David Coles 05 Jun 2017

Huh. I always knew that `list + tuple` was a TypeError in Python, but didn't know `list += tuple` (like `list.extend(tuple)`) would work.

Weirdly `tuple += list` is a TypeError, but `tuple += tuple2` is OK.
(however it creates a new tuple like `tuple = tuple + tuple2`)

(Cross-posted from https://twitter.com/davidcoles/status/871735636058923009)

(+1's) 1

Matt Giuca 05 Jun 2017

Gross. Python's list += is completely broken anyway and should be avoided: it mutates the list.

That's very counter-intuitive given that + creates a copy of the list. x += y should always have the same semantics as x = x + y. (It could be implemented with a fast-path but it should have the same semantics.)

So tuple += tuple2 is fine, list += list_or_tuple is broken.

David Coles 05 Jun 2017

I'm a little on the fence about it. On one hand, being nice syntax for in-place operations is sometimes quite useful (the rational in PEP-203 was matrix operations) and I believe std::string overloads += for append. On the other hand it's surprising given that most people reasonably assume x += y is short for x = x + y (where x is evaluated only once) and having an operator that may operate in place depending on some deep voodo like the presence or absence of _iadd_ is a recipe for disaster.

PEP 203 -- Augmented Assignments

Matt Giuca 05 Jun 2017

> I believe std::string overloads += for append

Yes but C++ is totally different. In C++ (like C) everything is by value unless explicitly dereferenced.

In Python, if you have a list variable x and you write "x += y", there is an implicit dereference causing the list object pointed to by x to be modified.
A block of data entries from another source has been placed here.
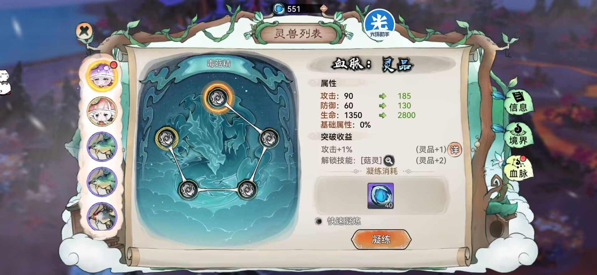 因为灵宠玩法刚开,我们的经验丹和精魄比较缺,因此不推荐大家把这些资源用于不需要的灵宠身上,可以等孵化到【变异灵宠】或【极品灵宠】在使用,或者给6号的联动灵宠也行。
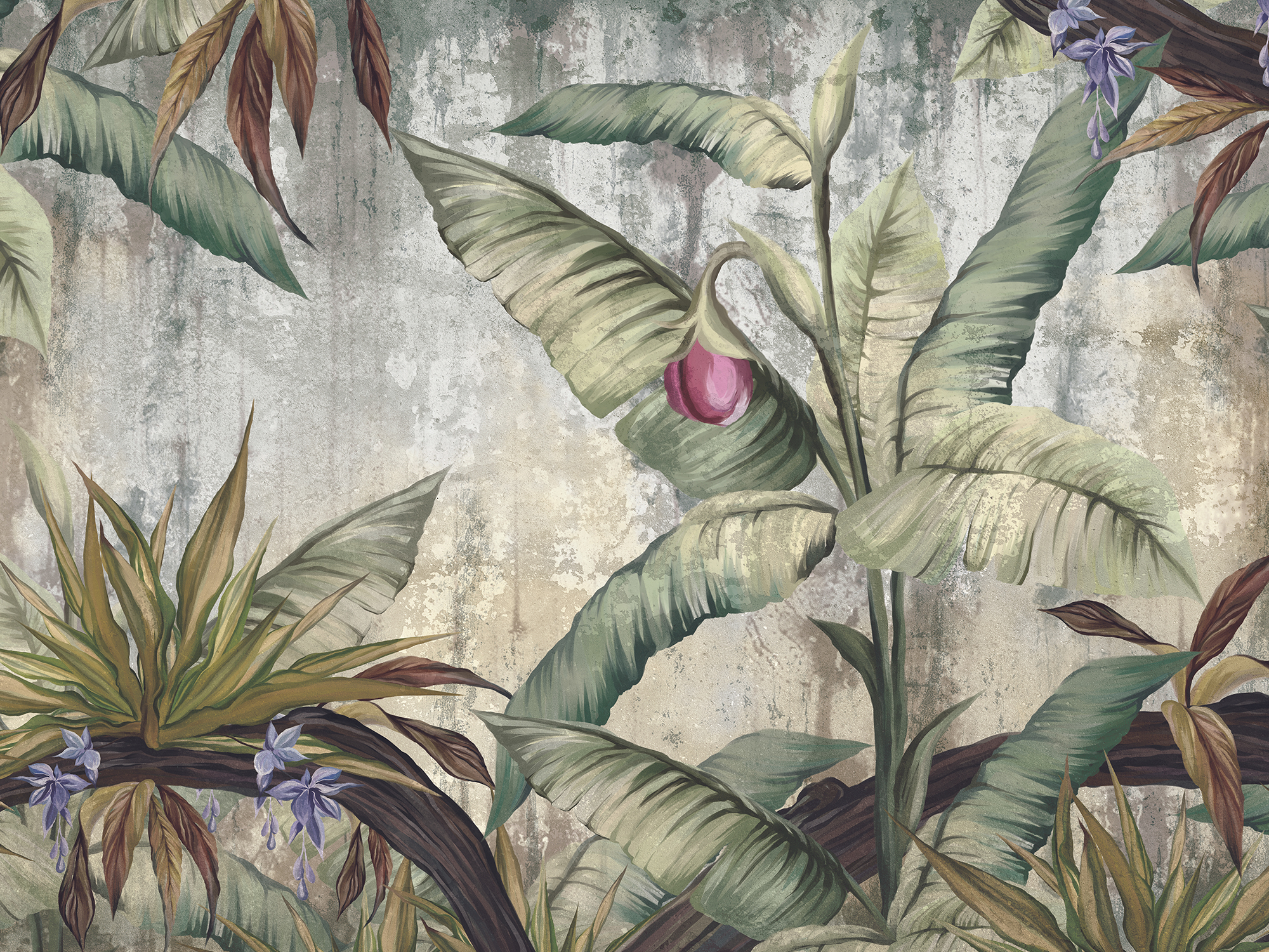 Perfetta per chi desidera uno stile tropicale dal carattere deciso, questa carta da parati si adatta a soggiorni, camere da letto e ambienti dallo spirito contemporaneo. Il suo design combina l’energia della natura con un'estetica urbana e vissuta, per un look unico e di grande impatto visivo.
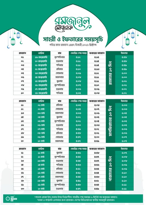 30-Day Ramadan Sehri & Iftar Timetable for Dhaka (2026)
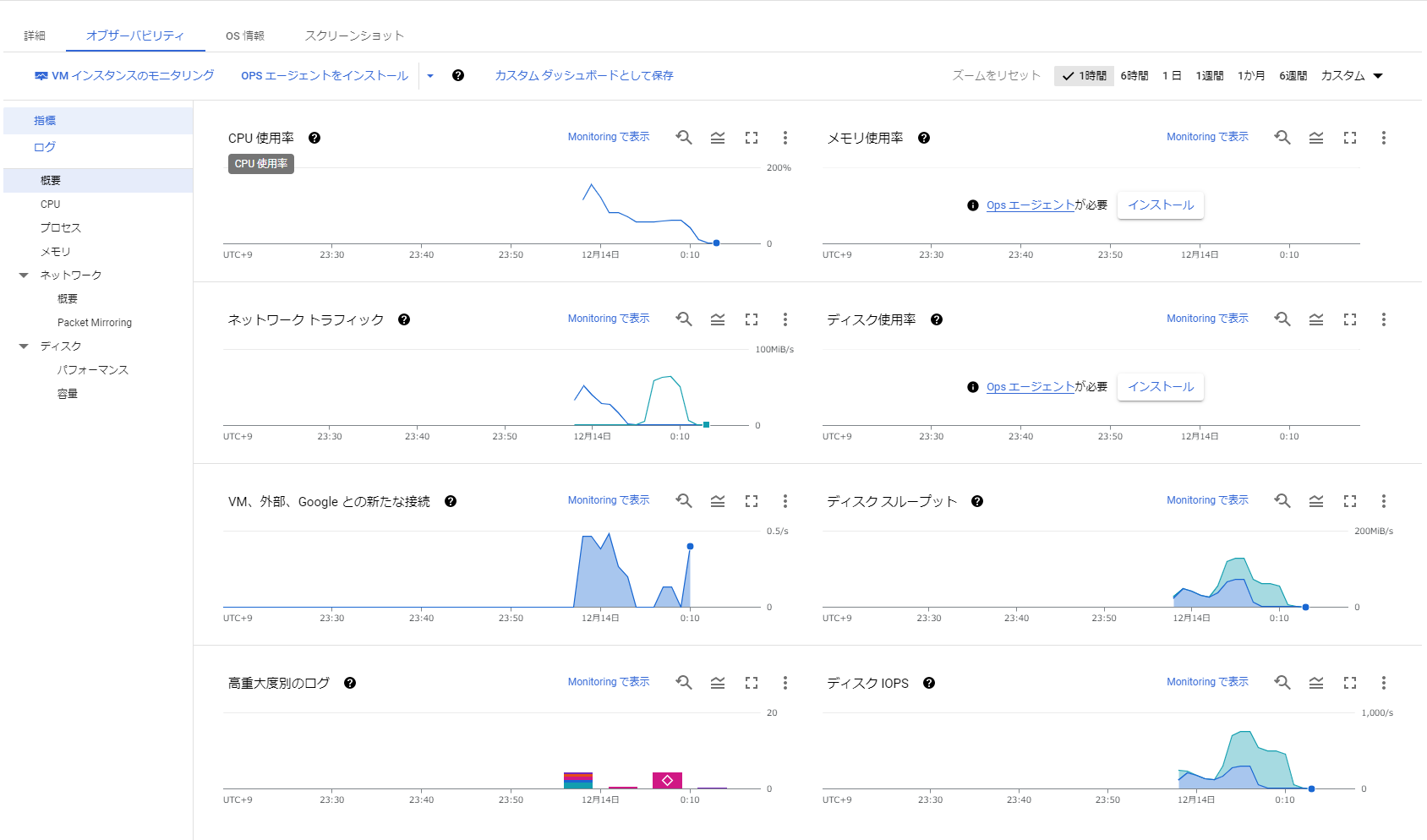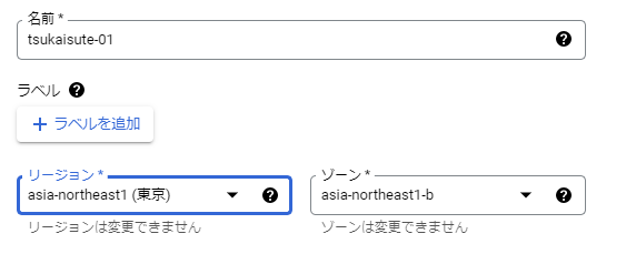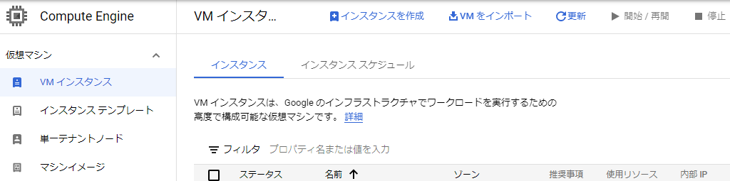 VMインスタンスページに移動後、「+インスタンスを作成」をクリックしてインスタンスの作成時の設定画面に入ります。
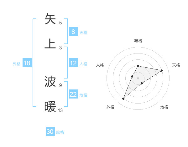 矢上 波暖さんを姓名の画数から五運を鑑定
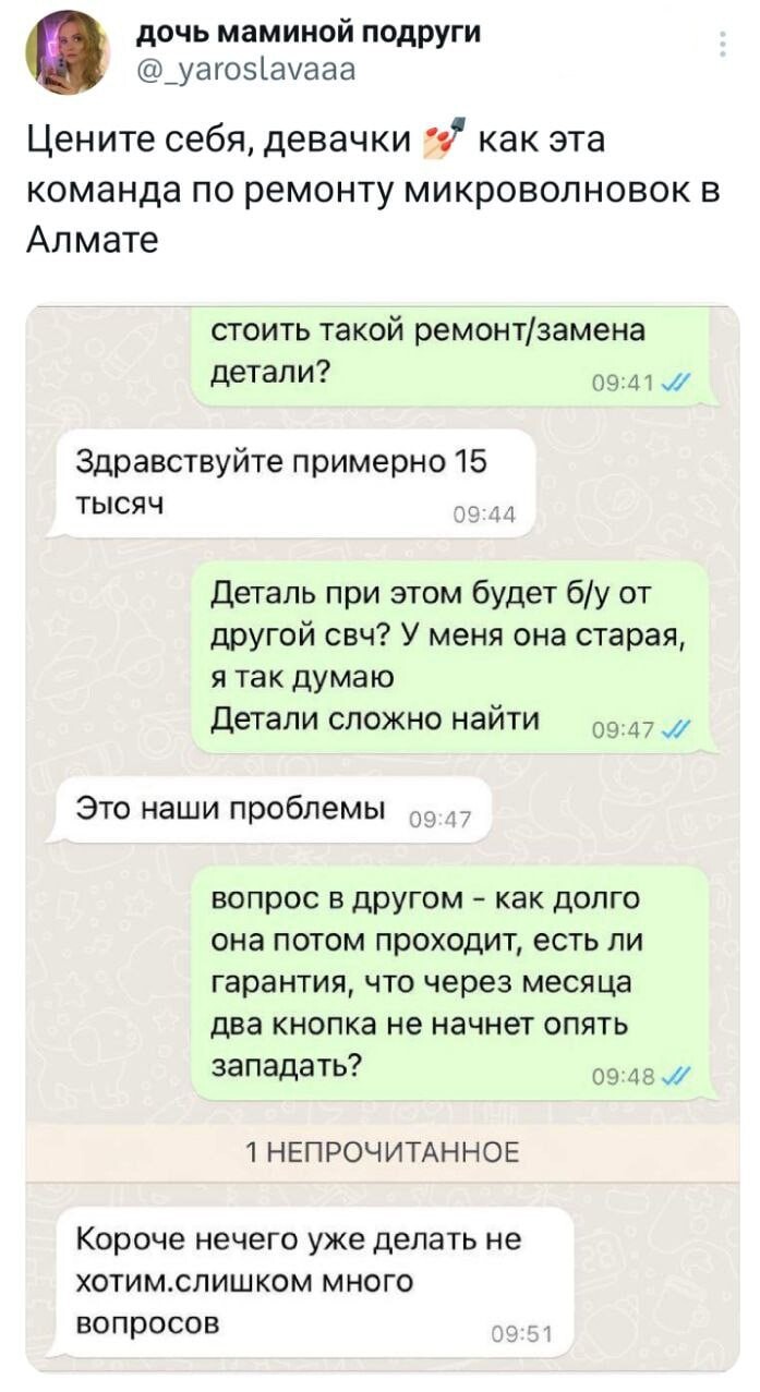 Прикольные твиты (27 фото) 29 ноябрь 2023 236 фото приколы 1 Новая порция скриншотов из популярной социальной сети для поддержания вашего отличного настроения! запостил(а) admin Вернуться назад 0 Смотрите также Прикольные твиты обо всём на свете (34 фото) Прикольные твиты (28 фото) Прикольные твиты (24 фото) Прикольные комментарии на Бугаге (30 фото) Прикольные комментарии на Бугаге (27 фото) А что там на главной? ))) Прокомментировать Введите код с картинки: Отправить Комментарии (1) #1 muninn884 Посетители 30 ноября 2023 13:18 0 Привет. Я Альбина, 25 лет, из России. Я ищу парня для общения, встреч, а возможно и для серьезных отношений. Напиши мне, пожалуйста, в Телеграм: albina648Привет. Подписывайся на телеграм канал знакомств и выбирай себе девушку по вкусу, переходи по ссылке: https://t.me/Lovzeo Или пиши в поиске телеграма: @Lovzeo Ответить

That's completely different to "x = x + y" which assigns x to point at a new object.

In C++, if you have a variable std::string or std::vector x and you write "x += y", there is no dereference, it modifies the variable x by value. This has the exact same semantics as "x = x + y" (but probably better performance, unless the compiler optimizes the latter somehow). Now it's true that there could be any number of pointers or references pointing at &x, but those are pointers to the variable x, so they get updated when x changes no matter which operator is used. Even if x was an int, and you used "x += y" or "x = x + y", pointers pointing at x would get updated all the same. Thus C++ has totally consistent semantics between the short and long form of += as well as for all different types.

David Coles 06 Jun 2017

Because of operator overloading, operators aren't always by-value like they are in C. Specifically you can also overload compound assignment operators, so += can differ from + followed by assignment. You can see the difference in the assembly code: The copy version creates a temporary string and then copies the value to x and frees the temporary, while the inplace version calls ::append.
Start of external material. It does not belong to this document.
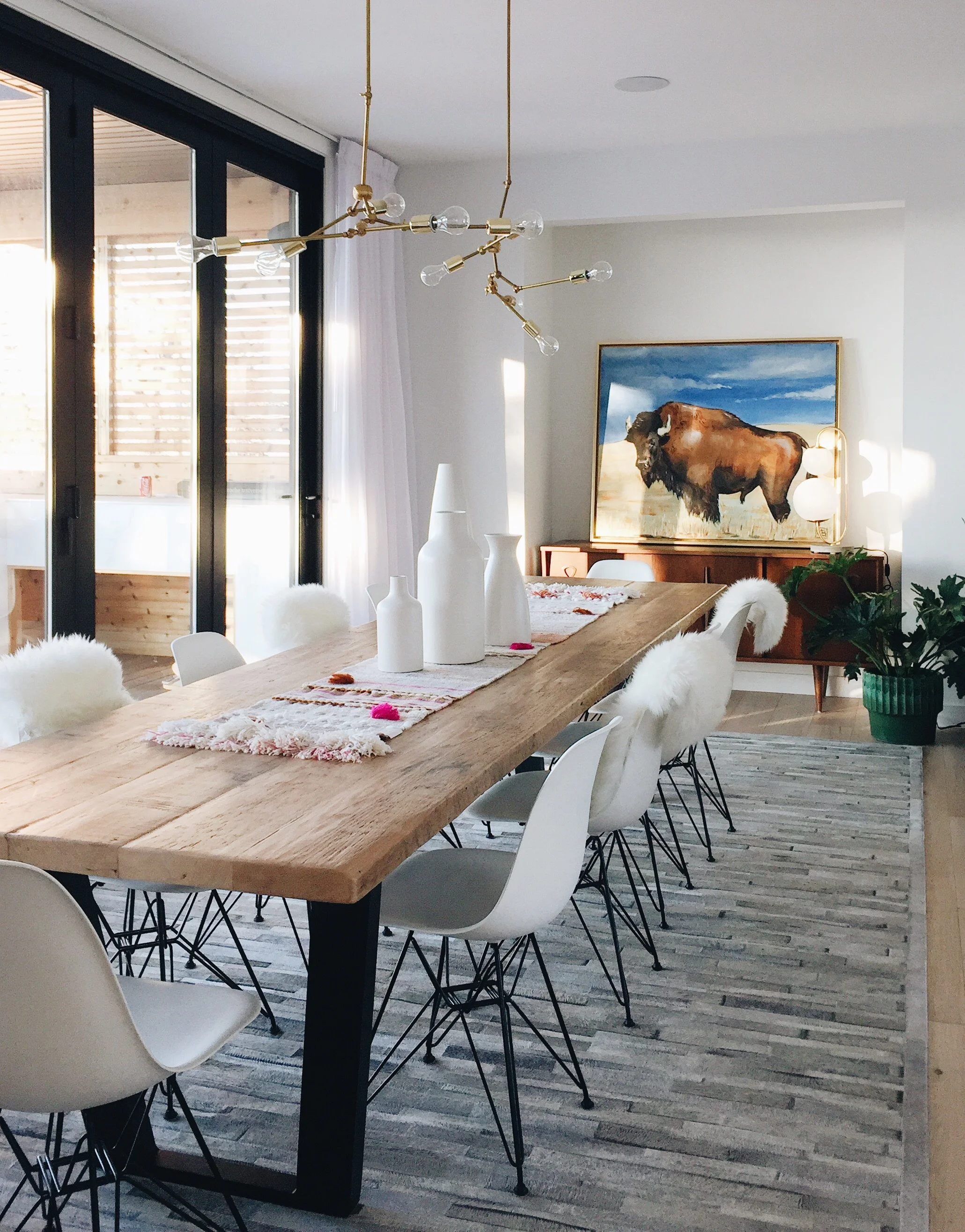 The dining room furniture was primarily there to begin with, we added the hide area rug and accessories.

That said, it's much harder to do accidentally since the type system makes it pretty clear when something is being done in-place and when a new copy is being made. And it's possible if the compiler is smart enough and can see the full lifetime of the object it might be able use an inplace implementation as-if it was doing a copy (as an optimization).

Compiler Explorer - C++

Matt Giuca 06 Jun 2017

> Because of operator overloading, operators aren't always by-value like they are in C.

I'm talking about conceptually not literally. Of course with operator overloading I can make += perform subtraction while + performs multiplication. But the semantics of those operators is consistent in the standard library which is as good as you can expect in a language with operator overloading. That the standard library is consistent strongly encourages other code to follow that rule as well.

Unlike Python where there is no well-understood semantics for += due to list and str/tuple disagreeing.

As for looking at the assembly, well sure it generates different code in C++ but it has the same semantics. I don't think there is any case for std::string or std::vector where the behaviour of += is distinguishable from +, other than if you use .data() and compare the internal pointers (but that's exposing implementation details by design).